This requires very powerful computers and ridiculous amounts of storage but it also requires that there is a way for the computer to automatically reassemble and restore all the origin footage from the tapes this is where numbering your tapes accurately and making sure you capture the timecode from your tapes is VITAL.
The advantage of doing this, is once your entire film has been reassembled in this format, any further alterations or changes such as colour grades, compositing and effects can be handled at the highest quality possible ensuring there will be no further degradation of footage in terms of recompressing already compressed video.

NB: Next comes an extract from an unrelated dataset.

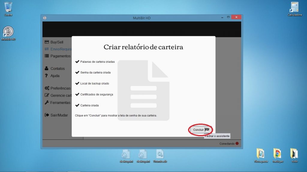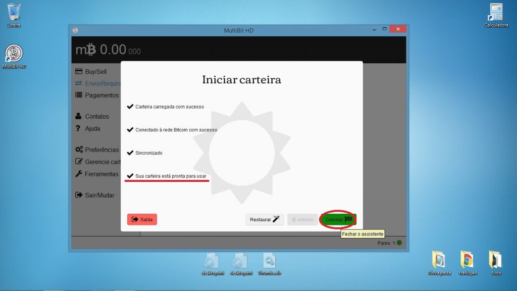 Tendo posto a senha correta, agora sua carteira está pronta para uso! Clique em “Concluir” e vamos adiante.

What I mean by an Online Edit is when you take all your original tapes, footage and media in your edit to a high end production house who then reassembles your entire film using an EDL Edit Decision List or your original Final Cut Project, but instead of ingesting media in a compressed form such as HDV or ProRess its ingested as uncompressed 10Bit Video.

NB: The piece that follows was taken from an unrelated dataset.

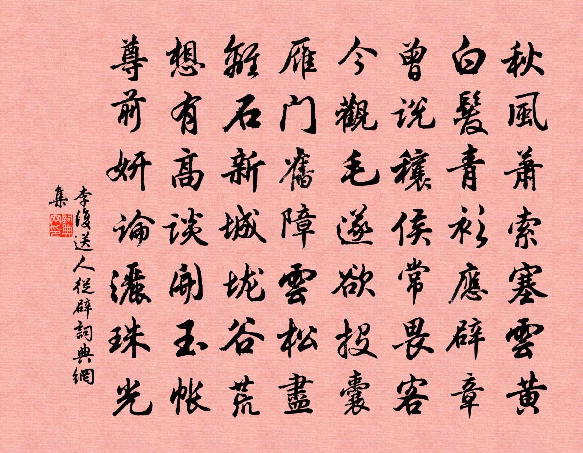 詩詞名句歷史字典書法欣賞書法字典國語詞典說文解字康熙字典古漢語字典標 題 作 者 詩 句 送人從辟作者:李復 朝代:宋代送人從辟原文秋風蕭索塞雲黃,白髮青衫應辟章。曾說穰侯常畏客,今觀毛遂欲投囊。雁門舊障雲松盡,離石新城壠谷荒。想有高談開玉帳,尊前妍論灑珠光。詩詞問答問:送人從辟的作者是誰?答:李復問:送人從辟寫於哪個朝代?答:宋代李復送人從辟書法欣賞送人從辟書法作品詩詞推薦以堰事走永康宿金馬早行見雪山排霄極明麗因程公許〔宋代〕雨響清客夢,雨晴催客行。迥野曉寥落,界天玉崢嶸。銀海眩雙照,瓊鉤對孤明。英雲強吐吞,杲日還晶熒,邂逅雨後至溪上楊萬里〔宋代〕夜雨無端忽曉晴,南溪便長半篙清。斜沖亂石雪霜碎,快瀉深陂金玉聲。慢處回頭縈作漩,急邊眨眼不留行。李成春日移舟章園葛立方〔宋代〕腰懸六印不用求,勝處引人著滄洲。波平草軟鷗鳥下,花明柳暗池亭幽。兩園牛鳴一舟了,三春駟隙千觴酬。肯將六橋閒步薛師傳〔宋代〕出郭青岑近,臨流白鳥飛。笙歌春雨歇,草樹夕陽微。山色邀藜杖,湖風颭葛衣。虛亭林處士,不見鶴來歸。日食罪言姚勉〔宋代〕皇帝十四載,新元紀嘉熙。仲冬戊寅朔,午漏方中時。朔風震丘壑,猛籟號枯枝。黯如商雪天,四野昏垂垂。晝炊拜三川守李紳〔唐代〕恭承寵詔臨伊洛,靜守朝章化比閭。風變市兒驚偃草,雨晴郊藪謬隨車。改張琴瑟移膠柱,止息笙篁辨魯魚。唯有和司法張仲良醉中論詩楊萬里〔宋代〕相過寧嫌數,未行先畏辭。要寬千里別,猶費幾篇詩。意得翻難售,聲希只自奇。此生詩社裡,三折或知醫。寄湯季庸侍郎劉克莊〔宋代〕粵從紫氣度函關,更十年中幾賜環。一葉身輕歸去勇,六丁力盡挽來難。高情常寄紛華外,晚節全觀出處間。別後自詠二首祖無擇〔宋代〕形勝山前感物華,卻乘清興過僧家。樓台消廢無人問,今古傳聞只自嗟。雲擁斷崖埋石筍,泉沖涼雨落金沙。憑君定西番溫庭筠〔唐代〕漢使昔年離別,攀弱柳,折寒梅,上高台。千里玉關春雪,雁來人不來。羌笛一聲愁絕,月裴回。海燕欲飛調羽,失調名佚名〔宋代〕飲盡莫留殘。蔡天啟作中興碑詩且邀同賦王銍〔宋代〕一日宮屠戮三庶宮人,天理宮已盡殺氣宮昏。青宮惴惴二十載,免禍自求黃屋尊。忠臣開除兩京路,未知日月雙懸題惠州羅浮山周敦頤〔宋代〕紅塵白日無間人,況有魚緋擊此身。關上羅浮間送目,浩然心意復吾真。別顏慥下第蔡襄〔宋代〕四上不登第,漂流二十年。依依去國恨,杯酒春風前。將歸郭印〔宋代〕兩載春風客,翩翩憶舊棲。林深喧鳥雀,水暖亂鳧鷖。到處宜傾榼,逢人數杖藜。荷花難負約,飛語報雲溪。宮詞一百首岳珂〔宋代〕鳳儀魚躍更龍拿,傳寶猶矜趙璧瑕。一夜神光照東井,天教景命屬天家。感花吳芾〔宋代〕正欲持杯賞萬紅,卻遭連日雨兼風。種花欲看難如此,可是衰翁賦分窮。寄舊詩與元微之薛濤〔唐代〕詩篇調態人皆有,細膩風光我獨知。月下詠花憐暗淡,雨朝題柳為欹垂。長教碧玉藏深處,總向紅箋寫自隨。老大句高似孫〔宋代〕相次西風吹蟹老,眼前且作鱠殘圖。北山王績〔唐代〕舊知山里絕氛埃,登高日暮心悠哉。子平一去何時返,仲叔長游遂不來。幽蘭獨夜清琴曲,桂樹凌雲濁酒杯。槁項名句推薦烹羊宰牛且為樂,會須一飲三百杯。李白《將進酒》 玉勒雕鞍遊冶處,樓高不見章台路。歐陽修《蝶戀花·庭院深深深幾許》 金玉其外,敗絮其中劉基《賣柑者言》 以三寸之舌,彊於百萬之師。司馬遷《史記·平原君虞卿列傳》 為容不在貌,獨抱孤潔。張炎《疏影·梅影》 衣冠未必皆男子,巾幗如何定婦人?馮夢龍《醒世恆言·卷十》 橫笛和愁聽,斜枝倚病看。崔道融《梅花》 瑤池阿母綺窗開,黃竹歌聲動地哀李商隱《瑤池》 月上柳梢頭,人約黃昏後。歐陽修《生查子·元夕》 萬里浮雲卷碧山,青天中道流孤月。李白《答王十二寒夜獨酌有懷》

#Alvin and the chipmunks the squeakquel ending scene code#
Even the time code on your tapes will be of a big advantage if you want to Online Edit at a later date in fact doing an Online edit without time code being correctly on the tapes is practically impossible, as it means manually making every single cut again. You dont necessarily need to have recorded timecode on the day manually as timecode will have been recorded in your camera on your tapes. First thing is the importance of timecode in an OFFLINE/ONLINE workflow. Hi Sareesh, this is going to be a bit of a long reply because what you are hoping to achieve is a LONG way from where you are at and as such there is a lot you need to understand. Once you have your finished, graded, master the next step is to simply Encode the highest quality video version you have to M2V and that will then be your DVD master M2V for Authoring purposes, and the supplying a master they will use to upscale/transfer to film/BluRay. Maya, Ater Effects and Final Cut can all render to uncompressed Quicktime Video or Apple Animation Codec or TIFF Sequence all of which should suffice. However grading this becomes very difficult if you have lots off dissolves/transitions other than straight cuts. Finally, you could simply edit everything in Prores HQ, export all your effects as prores HQ, and have a master final in prores HQ, then export an uncompressed version of the film to grade from there. This way, when you finish the film, you will be able to take the timeline without the effects or transitions on it, export that as uncompressed, then export all the separate effects and transition shots with handles as uncompressed, reasse, ble all that at a top notch post house and then do your grade to keep the maximum quality in the grade. then the next best thing you can do is keep ALL your effects and transitions as uncompressed video with handles, and keeping two versions of your timeline one that has all the effects and transitionsadded to the timeline at which point they will need to be Rendered into ProRes to play back on the timeline and one that has none of the effects shots added. Uncompressed video is VERY large Assuming you can not get your timecode to capture probably a possibility of HDV robust timecode isnt a hallmark of the format. Uncompressed video in Final Cut can be seen by exporting from Final Cut using the None setting under compression in Export to Quicktime/using quicktime conversion.